Problem details
Word for word, write out all the entries below, omitting every picture.

Supplied records
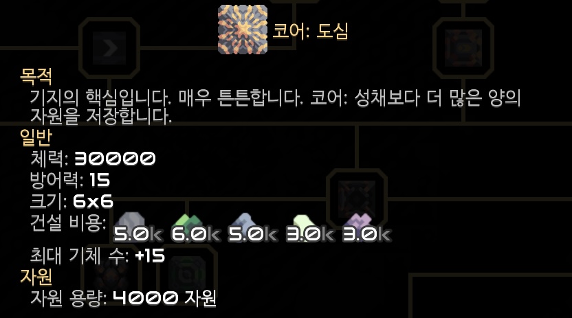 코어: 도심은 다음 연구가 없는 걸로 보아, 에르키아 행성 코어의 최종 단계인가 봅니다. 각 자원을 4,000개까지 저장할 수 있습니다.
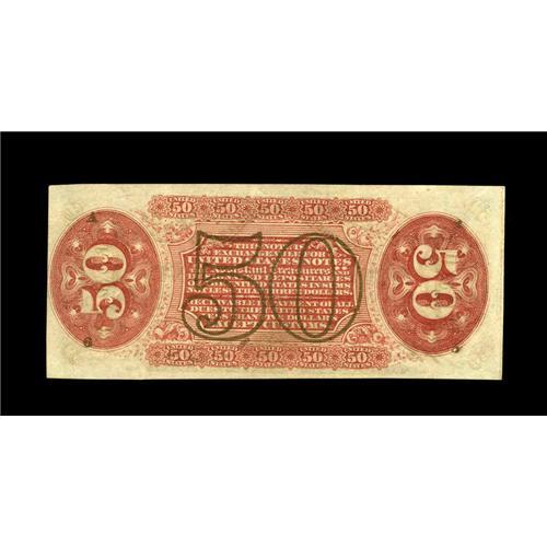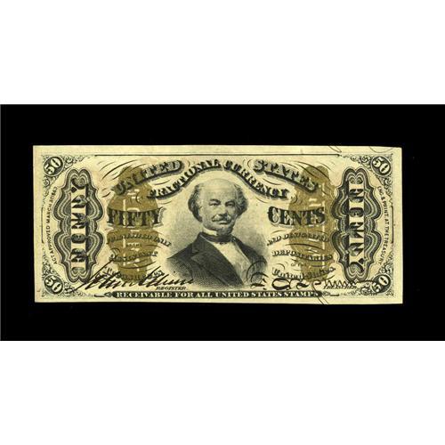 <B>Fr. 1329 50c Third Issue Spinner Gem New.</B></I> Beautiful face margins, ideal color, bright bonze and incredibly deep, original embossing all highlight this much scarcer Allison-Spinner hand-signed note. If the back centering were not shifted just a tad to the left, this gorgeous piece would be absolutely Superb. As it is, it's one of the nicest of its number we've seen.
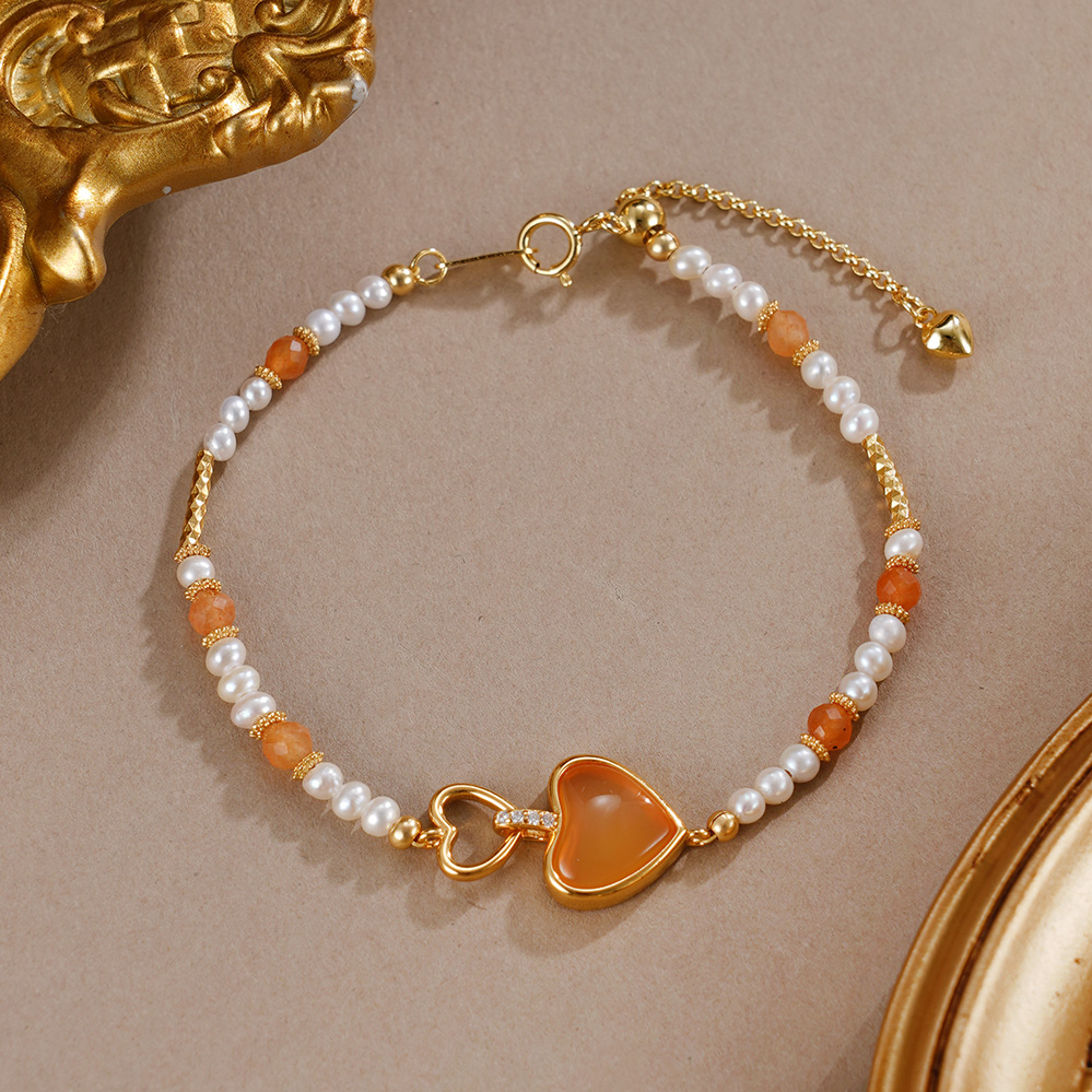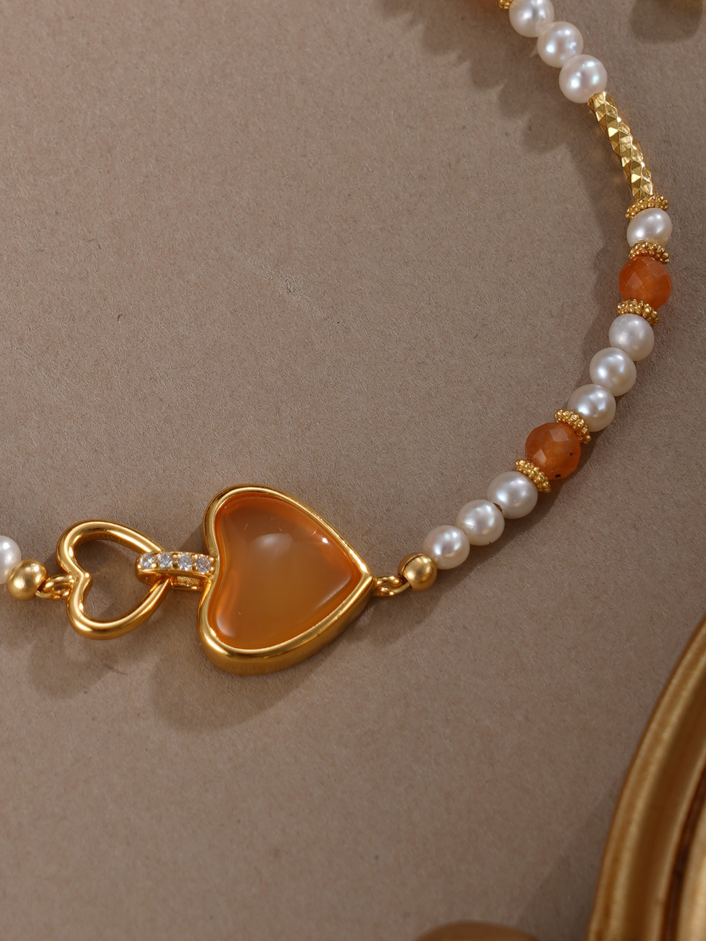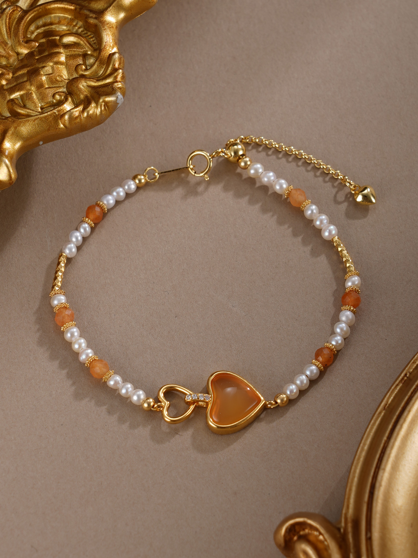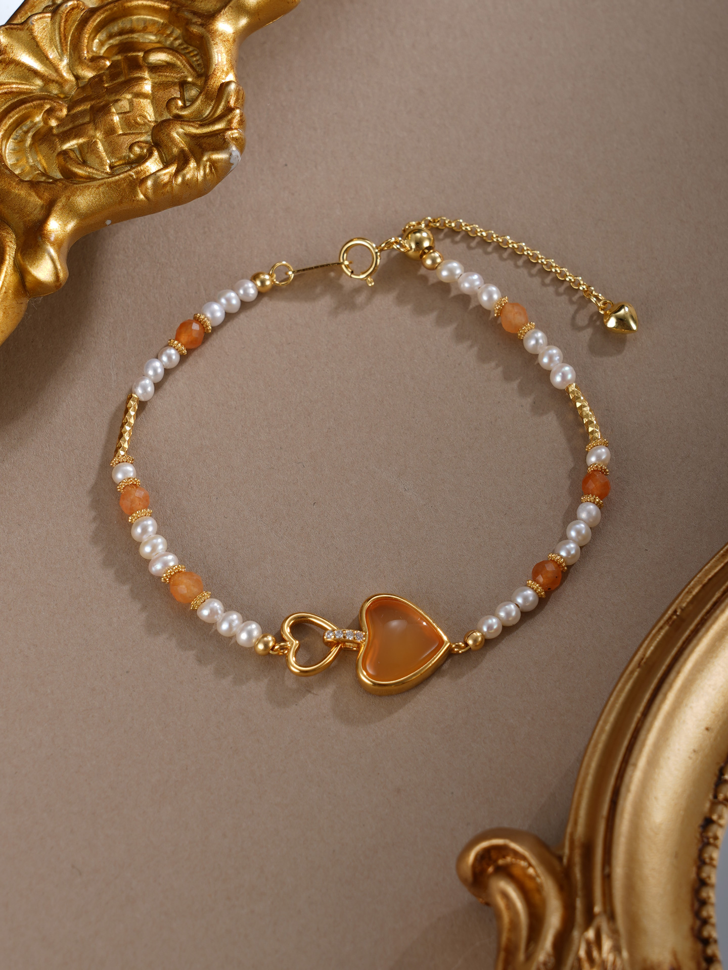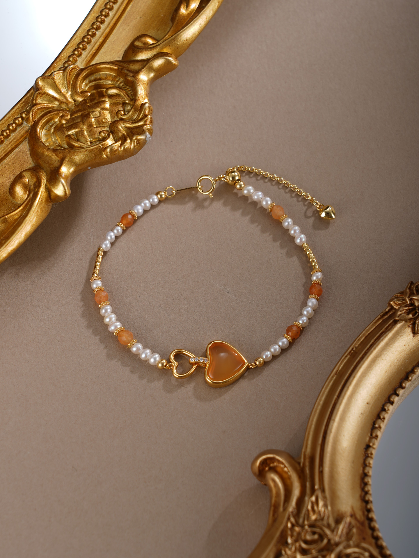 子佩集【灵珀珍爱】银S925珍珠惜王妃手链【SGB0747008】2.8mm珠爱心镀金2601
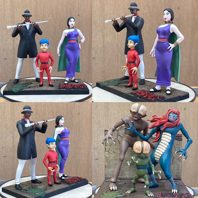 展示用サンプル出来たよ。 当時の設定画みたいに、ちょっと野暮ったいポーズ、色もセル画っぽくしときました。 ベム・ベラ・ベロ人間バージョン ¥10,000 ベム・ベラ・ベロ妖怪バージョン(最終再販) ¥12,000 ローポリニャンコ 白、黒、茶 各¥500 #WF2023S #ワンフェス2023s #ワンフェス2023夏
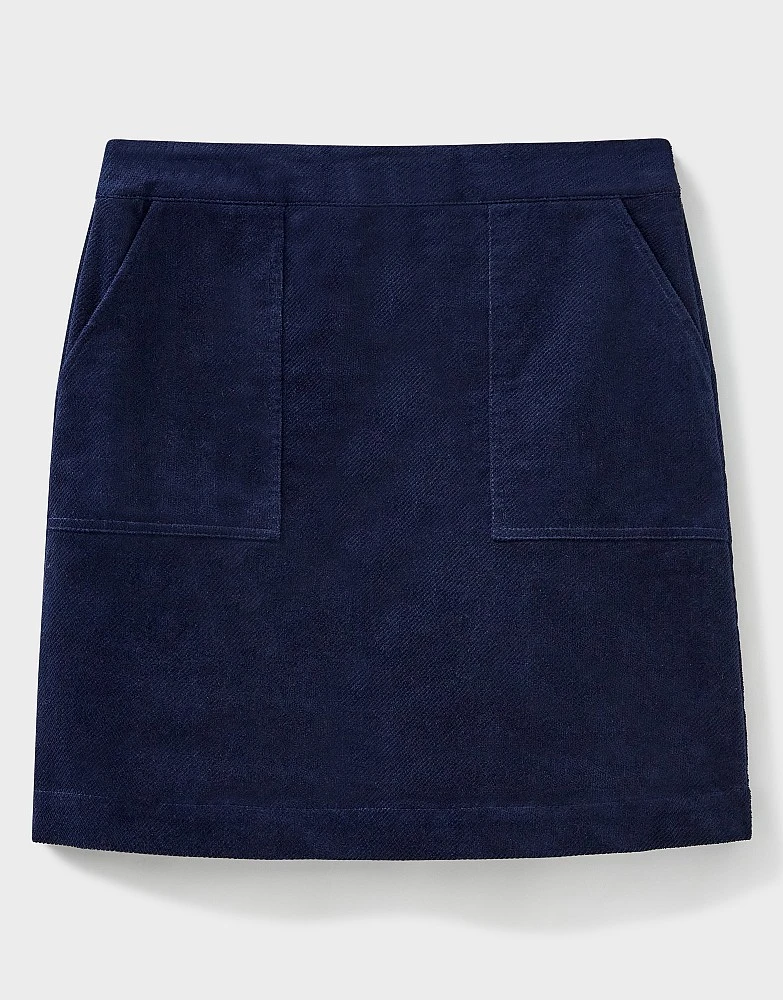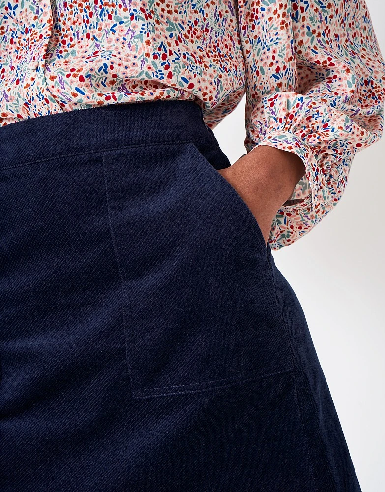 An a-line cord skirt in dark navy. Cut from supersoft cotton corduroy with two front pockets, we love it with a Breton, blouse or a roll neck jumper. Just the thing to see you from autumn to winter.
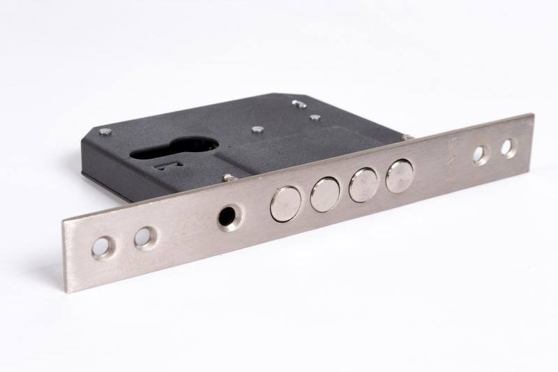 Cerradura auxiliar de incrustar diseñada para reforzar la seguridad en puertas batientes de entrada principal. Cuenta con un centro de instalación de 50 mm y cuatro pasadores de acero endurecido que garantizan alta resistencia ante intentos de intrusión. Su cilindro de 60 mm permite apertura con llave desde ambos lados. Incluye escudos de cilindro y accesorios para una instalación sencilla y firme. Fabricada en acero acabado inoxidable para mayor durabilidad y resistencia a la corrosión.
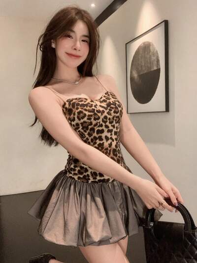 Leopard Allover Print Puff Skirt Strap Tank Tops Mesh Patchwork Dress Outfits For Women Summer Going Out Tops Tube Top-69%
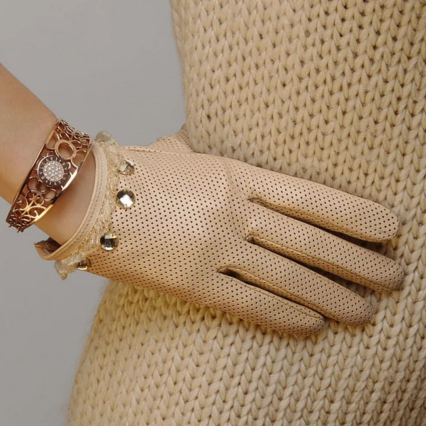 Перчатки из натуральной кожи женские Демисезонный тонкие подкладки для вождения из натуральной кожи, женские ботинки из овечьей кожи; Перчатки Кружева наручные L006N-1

Task result
 코어: 도심은 다음 연구가 없는 걸로 보아, 에르키아 행성 코어의 최종 단계인가 봅니다. 각 자원을 4,000개까지 저장할 수 있습니다.
 <B>Fr. 1329 50c Third Issue Spinner Gem New.</B></I> Beautiful face margins, ideal color, bright bonze and incredibly deep, original embossing all highlight this much scarcer Allison-Spinner hand-signed note. If the back centering were not shifted just a tad to the left, this gorgeous piece would be absolutely Superb. As it is, it's one of the nicest of its number we've seen.
 子佩集【灵珀珍爱】银S925珍珠惜王妃手链【SGB0747008】2.8mm珠爱心镀金2601
 展示用サンプル出来たよ。 当時の設定画みたいに、ちょっと野暮ったいポーズ、色もセル画っぽくしときました。 ベム・ベラ・ベロ人間バージョン ¥10,000 ベム・ベラ・ベロ妖怪バージョン(最終再販) ¥12,000 ローポリニャンコ 白、黒、茶 各¥500 #WF2023S #ワンフェス2023s #ワンフェス2023夏
 An a-line cord skirt in dark navy. Cut from supersoft cotton corduroy with two front pockets, we love it with a Breton, blouse or a roll neck jumper. Just the thing to see you from autumn to winter.
 Cerradura auxiliar de incrustar diseñada para reforzar la seguridad en puertas batientes de entrada principal. Cuenta con un centro de instalación de 50 mm y cuatro pasadores de acero endurecido que garantizan alta resistencia ante intentos de intrusión. Su cilindro de 60 mm permite apertura con llave desde ambos lados. Incluye escudos de cilindro y accesorios para una instalación sencilla y firme. Fabricada en acero acabado inoxidable para mayor durabilidad y resistencia a la corrosión.
 Leopard Allover Print Puff Skirt Strap Tank Tops Mesh Patchwork Dress Outfits For Women Summer Going Out Tops Tube Top-69%
 Перчатки из натуральной кожи женские Демисезонный тонкие подкладки для вождения из натуральной кожи, женские ботинки из овечьей кожи; Перчатки Кружева наручные L006N-1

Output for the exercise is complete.